Computers will be fighting plagiarism on ArXiv March 12, 2007

Posted by apetrov in Near Physics, Physics, Science.

I was recently pointed to an interesting paper in Physics Today “Experimenting with plagiarism detection on the ArXiv” by Toni Feder (thank you, Andrei Sidorenko, for pointing it out). Let me shamelessly copy the first paragraph of that article: “Starting this summer, submissions to the arXiv, the online server where many physicists check daily for new preprints, will be compared with the server’s existing 400 000—and counting—manuscripts to check for plagiarism.” Apparently, this news was already discussed a couple of years ago in an interesting article in one of the old issues of The Chronicles of Higher Education (sorry, you might need a subscription).

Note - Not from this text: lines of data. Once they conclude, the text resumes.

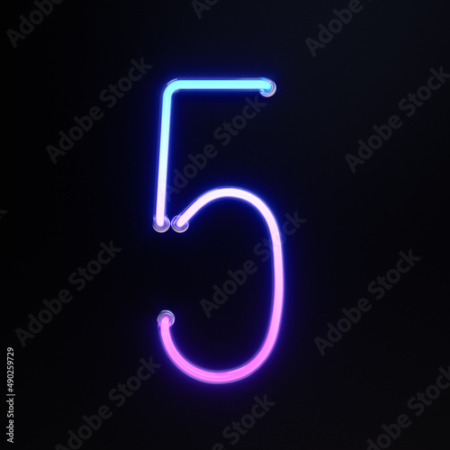 © Nikolay E, Naklejka premium Number 5, Alphabet. Neon retro 3d number isolated on a black background. 3d illustration.
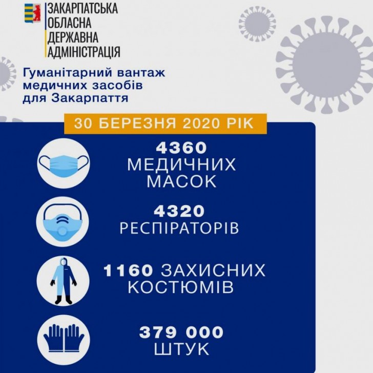 Олексій Гетманенко:”Дякую Президенту та уряду за черговий вантаж, який отримало Закарпаття! – більше 8 тисяч медичних масок і респіраторів – 1160 костюмів біозахисту – 379000 штук медичних рукавичок Необхідні засоби захисту отримають медики області та служби, дотичні до заходів по запобіганню та поширенню коронавірусу на Закарпатті. Ця партія- другий вантаж,…
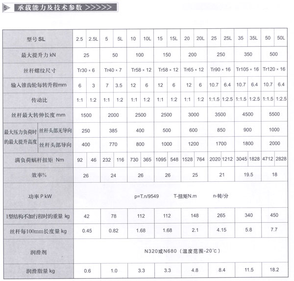 SL錐齒輪升降機(傘齒輪絲桿升降機)主要特點有:效率高、使用壽命長、容易調整減速比。同時具有結構緊湊、體積小、重量輕、動力源廣泛、無噪音、安裝方便、使用靈活、功能多、可靠性高等許多優(yōu)點。具有提升、降落、推進、翻轉等多功能、能按一定程序準確地控制調整提升或推進的高度。可以用電動機或其他動力直接帶動。也可以手動。最高輸入轉速500r/min,最高提升速度2.7m/min。有不同的結構型式方式,提升高度按用戶的要求制造。該裝置可自鎖。
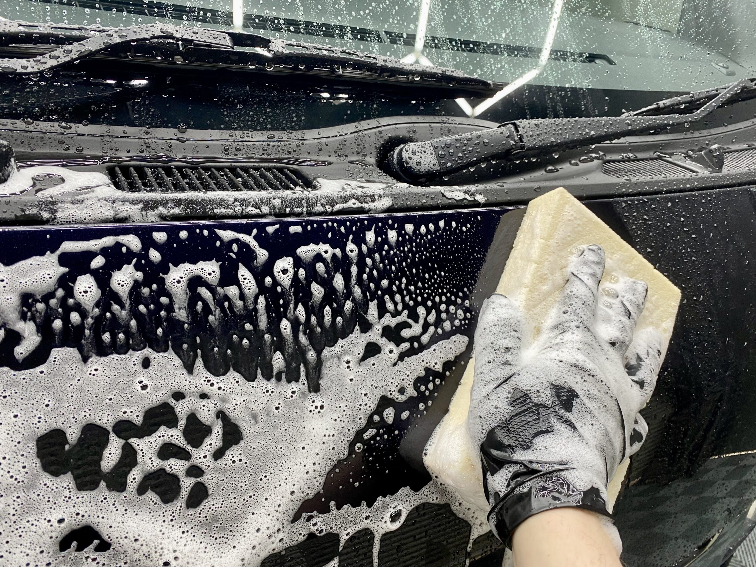 プレウォッシュ後は優しいスポンジにて優しく洗い上げます。

It is an interesting development. According to this paper, Paul Ginsparg (creator of the ArXiv) and his graduate student Daria Sorokina did a study which found that about 10% of all papers on arxiv has blocks of overlapping text! Indeed, this should not be surprizing, as many authors reuse their own papers when they write conference proceedings. But then, excluding those, they still found about 1% of papers that were clear copies of other authors’ work! Once again, it’s 1% of 400 000 papers — you can do the math (that is, unless you work in a Honda Dealership in Farmigton Hills or, as I recently learned, at Home Depot)!

I think this kind of software is really needed. I recall a scandalous case of one fellow who submitted a bunch of papers to the arxiv which were just copies of various papers he found on the same arxive. In particular, he copied several chapters of the BaBar Physics Book. I wrote one of those chapters! 

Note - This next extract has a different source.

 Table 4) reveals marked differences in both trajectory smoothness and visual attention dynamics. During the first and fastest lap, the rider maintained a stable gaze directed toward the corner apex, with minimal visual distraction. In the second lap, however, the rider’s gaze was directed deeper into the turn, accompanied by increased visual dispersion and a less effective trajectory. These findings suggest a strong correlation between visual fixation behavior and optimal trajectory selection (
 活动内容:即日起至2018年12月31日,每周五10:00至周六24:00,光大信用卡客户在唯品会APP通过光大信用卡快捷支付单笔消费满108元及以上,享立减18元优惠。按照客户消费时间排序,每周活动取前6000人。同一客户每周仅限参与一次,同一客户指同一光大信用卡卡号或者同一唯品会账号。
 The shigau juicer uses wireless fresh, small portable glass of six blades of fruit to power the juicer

Nowdays, you can even fight self-plagiarism! But then again, it should be easy to remember what is published and what is not… Although I can recall at least two instances when this happened: I was refereeing a paper submitted to Physics Letters B when I noticed that almonst all text of that paper was exactly the same as the text of previous paper written by the same author! Well, the formulas were different — maybe that’s what counts — as the author talked about a different meson system. But all the text was the same!!! Then the same happened when I reviwed another paper for Physical Review D. Apparently, some people just want to improve their paper count…